→ **Input data**
++++++++++++++++++++

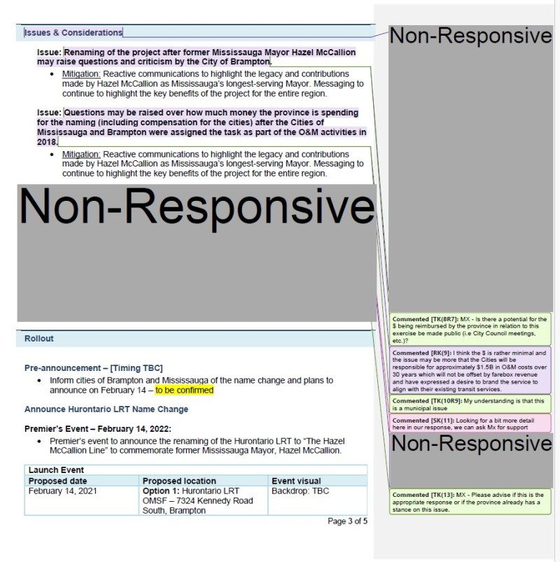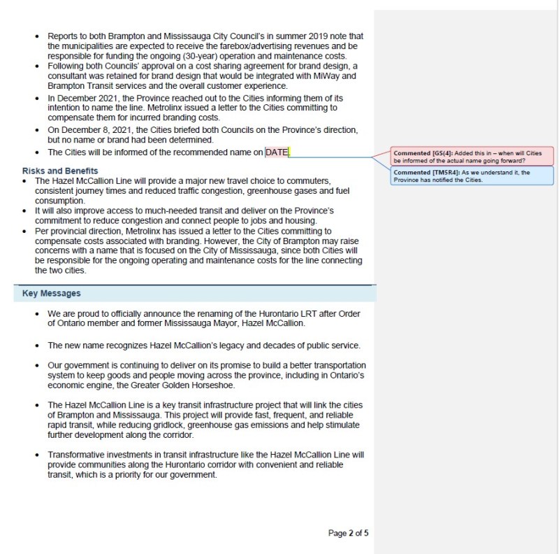 Anticipating media questions about renaming the LRT after McCallion and whether there was any negative reaction or criticism from the City of Brampton, the mitigating strategy was just to repeat the messaging about “the legacy and contributions made by Hazel McCallion as Mississauga’s longest sitting mayor.” The same advice was given if there were questions about the extra costs of rebranding the line after the cities were ready to present their proposal.
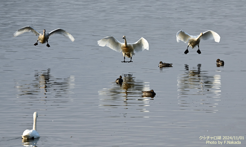 ![]() 成鳥の「コハクチョウ」が三羽。 真ん中のは去年生まれた子供のような気がするが,自信は無い。 |
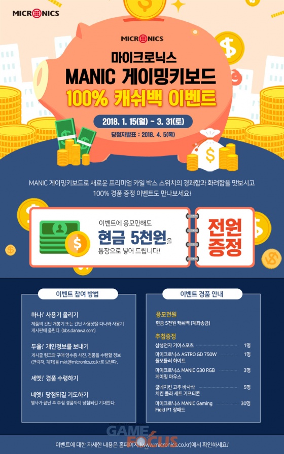 1월 15일부터 3월 31일까지 진행되는 이번 행사는 마이크로닉스의 게이밍 키보드 ‘MANIC K735 엣지 RGB 카일박스축’과 ‘MANIC K532 카일박스축’ 두 가지 모델을 대상으로 소비자가 제품을 구매하고 간단 개봉기나 사용기를 올리면 현금 5천원을 되돌려준다. 행사 기간 중 제품을 구매한 모든 사용자가 참여할 수 있으며, 참가자에게는 행사 종료 후 삼성전자 기어스포츠, 마이크로닉스 ASTRO GD 750W 풀모듈러 제품 등, 총 40명에게 추첨 경품을 추가 증정한다.
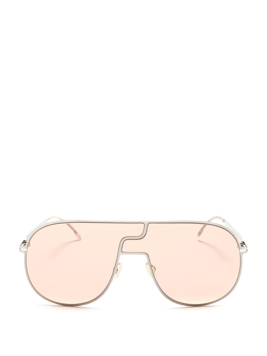 Lunettes de soleil de style aviateur avec monture en métal poli argenté. Verres teintés marron. Détails argentés. Livrées avec étui.

++++++++++++++++++++

→ **Instructions to follow**
Repeat the data verbatim, excluding all pictures.

→ **Solved problem**
 Anticipating media questions about renaming the LRT after McCallion and whether there was any negative reaction or criticism from the City of Brampton, the mitigating strategy was just to repeat the messaging about “the legacy and contributions made by Hazel McCallion as Mississauga’s longest sitting mayor.” The same advice was given if there were questions about the extra costs of rebranding the line after the cities were ready to present their proposal.
 ![]() 成鳥の「コハクチョウ」が三羽。 真ん中のは去年生まれた子供のような気がするが,自信は無い。 |
 1월 15일부터 3월 31일까지 진행되는 이번 행사는 마이크로닉스의 게이밍 키보드 ‘MANIC K735 엣지 RGB 카일박스축’과 ‘MANIC K532 카일박스축’ 두 가지 모델을 대상으로 소비자가 제품을 구매하고 간단 개봉기나 사용기를 올리면 현금 5천원을 되돌려준다. 행사 기간 중 제품을 구매한 모든 사용자가 참여할 수 있으며, 참가자에게는 행사 종료 후 삼성전자 기어스포츠, 마이크로닉스 ASTRO GD 750W 풀모듈러 제품 등, 총 40명에게 추첨 경품을 추가 증정한다.
 Lunettes de soleil de style aviateur avec monture en métal poli argenté. Verres teintés marron. Détails argentés. Livrées avec étui.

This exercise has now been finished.